You now know this. What would those lessons be? I mean, I'm sure there's many, but if you had to choose 1 or 2, what would you say. Because I have the opportunity and privilege to teach health care leadership in particular, it's an understanding of the industry that I try and impart with the students. This entails the knowledge that I have that working in health care is a sacred privilege, and I use that terminology.

The word sacred is a heavy term, but if you're working in hospitals, as I did, it doesn't take much to stop and think about the kind of a different day that is the day of your customer. If you think of them as a customer. that's a very different day. Nobody woke up, and said, gee, I want to be admitted to a hospital today.

Yeah. It's just I mean, unless unless you are, you know, really excited because you're expecting a baby, but even then, you know, hey, this is going to be a little bit painful or a lot painful or a lot unexpected or, you know, there's still a lot of anxiety even surrounding the joyous event.

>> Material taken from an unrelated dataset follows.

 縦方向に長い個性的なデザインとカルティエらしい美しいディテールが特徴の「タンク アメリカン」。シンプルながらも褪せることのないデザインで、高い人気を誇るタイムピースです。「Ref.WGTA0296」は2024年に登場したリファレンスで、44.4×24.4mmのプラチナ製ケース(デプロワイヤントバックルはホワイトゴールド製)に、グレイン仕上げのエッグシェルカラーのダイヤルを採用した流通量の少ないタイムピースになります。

Yeah. So you have people entering the world and people exiting the world in your place of business, and it is your business to take care of that and make sure that there's a lot of dignity, and that people are well taken care of. So it is a sacred privilege. It's a sacred trust. And not everybody should be doing health care. But the people that do do it, they need to make sure that they're up for that challenge. And so that's one of the things I try and impart with my students.

And then I get to teach, just general organizational behavior as well in leadership courses. And then I often talk about making sure that we take care of people, that regardless of whatever industry you're in, whatever you're doing, if you're leading people, you're affecting lives. And that that doesn't stop at 5:00. What you did that day impacts not just the employee, but it impacts family. It impacts a whole lot of other people and other relationships. So are you elevating?

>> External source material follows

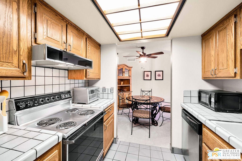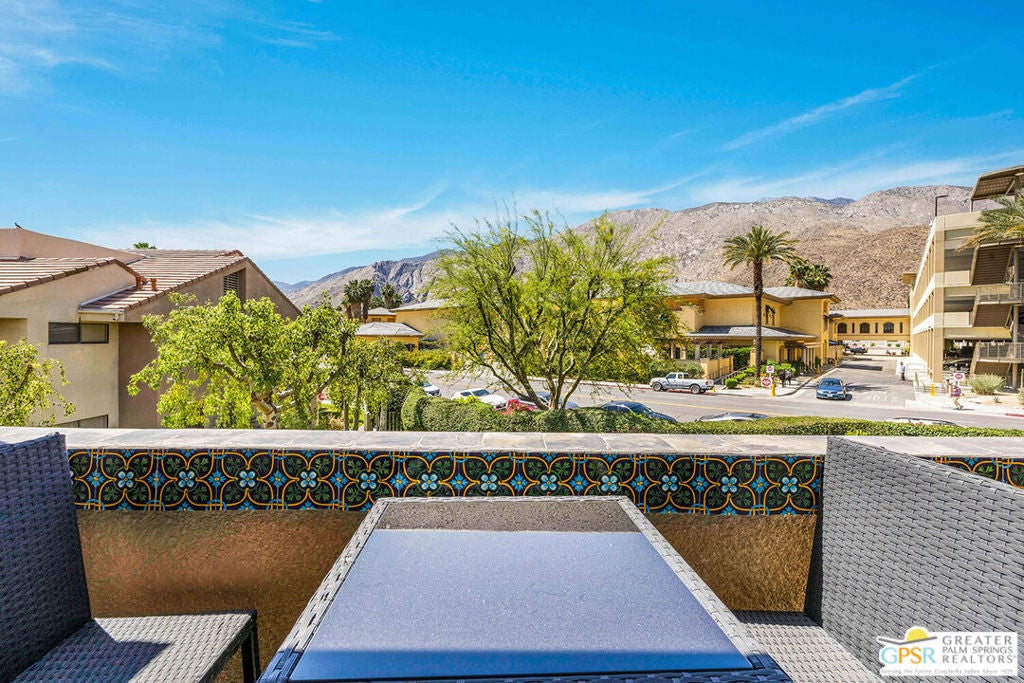 Discover this fabulous turnkey, fully furnished top-level 2-bedroom, 2-bath condo at Plaza Villas in downtown Palm Springs. Whether you're looking for a primary residence or a great investment property, this desirable unit offers a prime location within the community and breathtaking mountain views from the west-facing patio. The well-equipped kitchen is perfect for unleashing your inner chef, while the spacious and bright living room flows seamlessly into the dining areaideal for entertaining or relaxing in style. The comfortable master suite offers a peaceful retreat after a day lounging by the pool, complete with its own private patio featuring peek-a-boo mountain views.Your guests will appreciate the generously sized second bedroom and bathroom. The convenience of in-unit laundry makes extended stays or everyday living even easier. Plaza Villas offers multiple pools and spas, a fabulous tennis court, and dedicated covered parking. Best of all, this charming community is located less than two blocks from the heart of downtown Palm Springsclose to restaurants, galleries, shops, and more.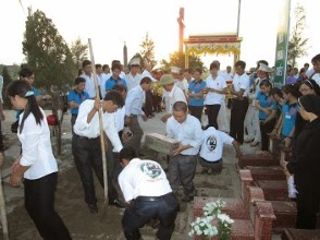 Sau nghi thức tiễn biệt của Cha Giuse Lê Thành Tâm – chánh xứ Ngưỡng Nhân tại sân cuối Nhà thờ Giáo xứ, các em được Cha Giuse Trần Hưng Đạo – Giám đốc Caritas Bùi Chu, Cha Giuse Lê Thành Tâm – chánh xứ Ngưỡng Nhân và đông đảo quý tu sĩ nam nữ, quý thành viên BVSS, quý khách và các đoàn hội trong Giáo xứ Ngưỡng Nhân tiễn đưa các em ra nơi an nghỉ tại lăng thai nhi Ngưỡng Nhân trong khuôn viên thánh địa của Giáo xứ.

Let's hope you're elevating and making the world a better place. As soon as you have any input or power, make sure you're wielding it for good. I would have to guess that even if you were in the tech industry or you were in something purely where most are there just to make money, I have a hard time believing that you still wouldn't make it about lifting people's lives and feeling like it is a sacred trust to make people's lives better.

I think that's a core value that seems to be shining through what you do. So yeah, no, it is a real honor and privilege to be able to, to talk with you today. It's been my honor and privilege it has been awesome. Thank you for for taking the time to talk to me. Everyone, we look forward to seeing you next time. After this, we'll share with you some mini workshops where we break down some of the things Dana shared with us today.

Put some practical daily tips of how you can put these things into practice, and we look forward to following and seeing all these wonderful people you're mentoring up to change the whole health care business. So thank you for doing that. Thank you. Thank you.